Combined population of Iowa, Missouri, and Kansas is about 12 million. Population of Virginia is 8 million. Virginia has about seven times as many current cases, with photos, on a per capita basis. But it actually has slightly FEWER old cases per capita than the other states -- they have 64 for 12 million, Virginia has 33 for a little over 8 million.

Now, one more refinement in our analysis. How many recent cases are still open if we eliminate those from 2017? There are tons of teenage runaways, hundreds of thousands across America, but most are accounted for within less than a year. The answer: Missouri has six, Kansas has seven, including three from that one family, and Iowa has one. Virginia has 36. That's a per capita rate of unsolved but NOT RECENT cases of 4.5 per million in Virginia, and 1 per million in the other states (counting three related kids as one case). And that's ignoring all the 2011-2016 cases without photos, which also number 36. So Virginia has nearly NINE TIMES the per capita rate of unsolved, not recent cases.

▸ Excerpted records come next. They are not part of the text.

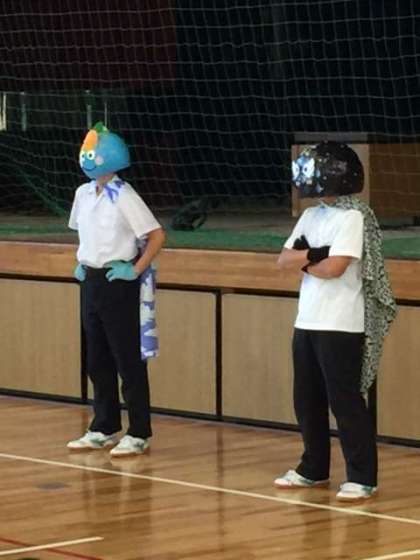 次に、生徒会役員会より、「おはようマン」と「よふかしマン」の紹介がありました。
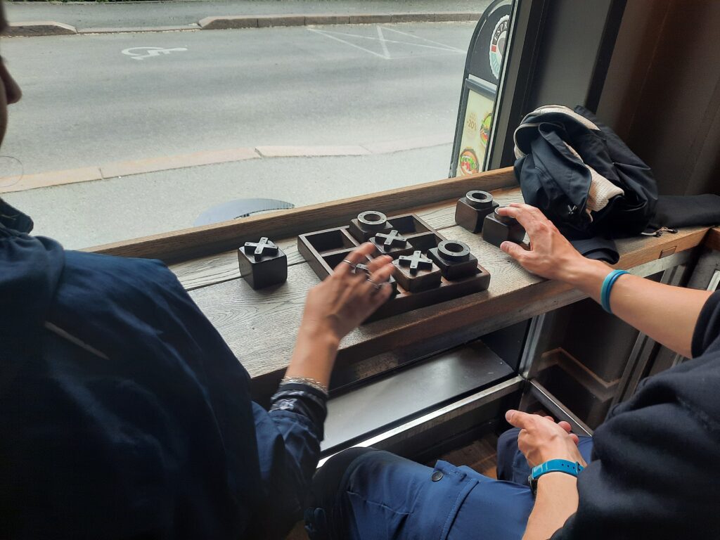Před odchodem ještě dáváme pár her piškvorek.
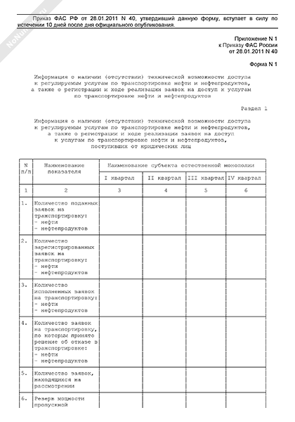 - 736Информация о наличии (отсутствии) технической возможности доступа к регулируемым услугам по транспортировке нефти и нефтепродуктов, а также о регистрации и ходе реализации заявок на доступ к услугам по транспортировке нефти и нефтепродуктов (форма № 1)
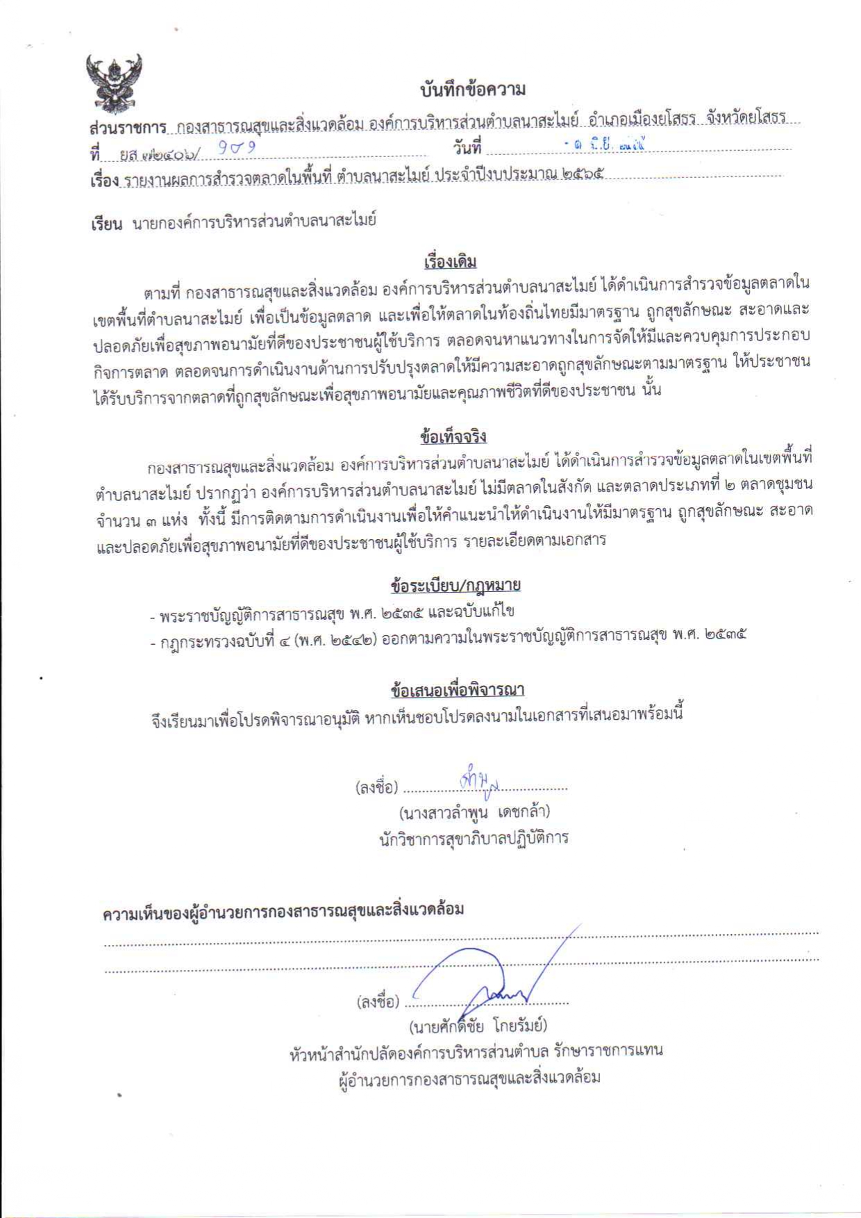 ประชาสัมพันธ์การสำรวจตลาดในพื้นที่ตำบลนาสะไมย์ 2565
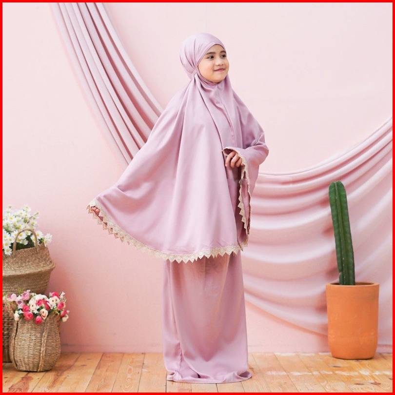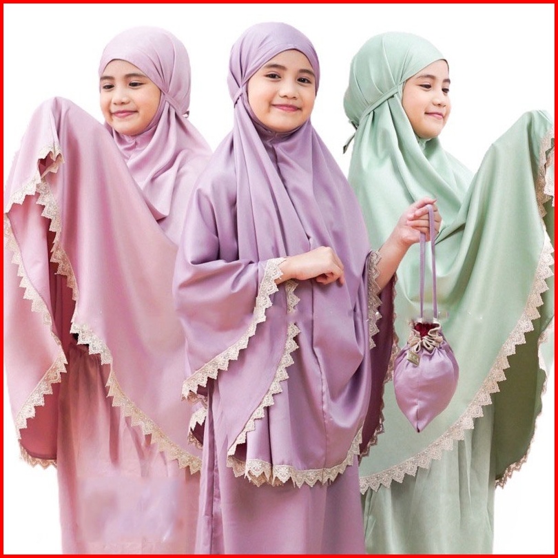 Mukena Anak Perempuan 2in1 Resleting Dagu Usia 7-15 Tahun Model Terbaru

I see in a comment below that NCMEC claimed this was because Virginia sends in every case the moment they get it, even without sufficient documentation. That is false. These are cases that are from 1 to 6 years old. They have been documented properly (as we saw by isolating the kids who had photos from those who did not). The explanation might be that NCMEC doesn't efficiently close old cases from Virginia, and that 90 percent of these kids have been accounted for. But I doubt it.

I need to build a spreadsheet and repeat this analysis for all fifty states. But I already know what I'm going to find.

ThisisThat_2 ago

Recall that it's voluntary reporting by state. So Wyoming - with no cases - isn't accurate. Can't run accurate data analysis when you are not comparing apples to apples.

SoberSecondThought ago

Certainly, and thanks for pointing that out. But my main expectation is that no state that does report, will come anywhere close to Virginia. And I expect that should remain true whether we just look at raw numbers, or break it down by time periods.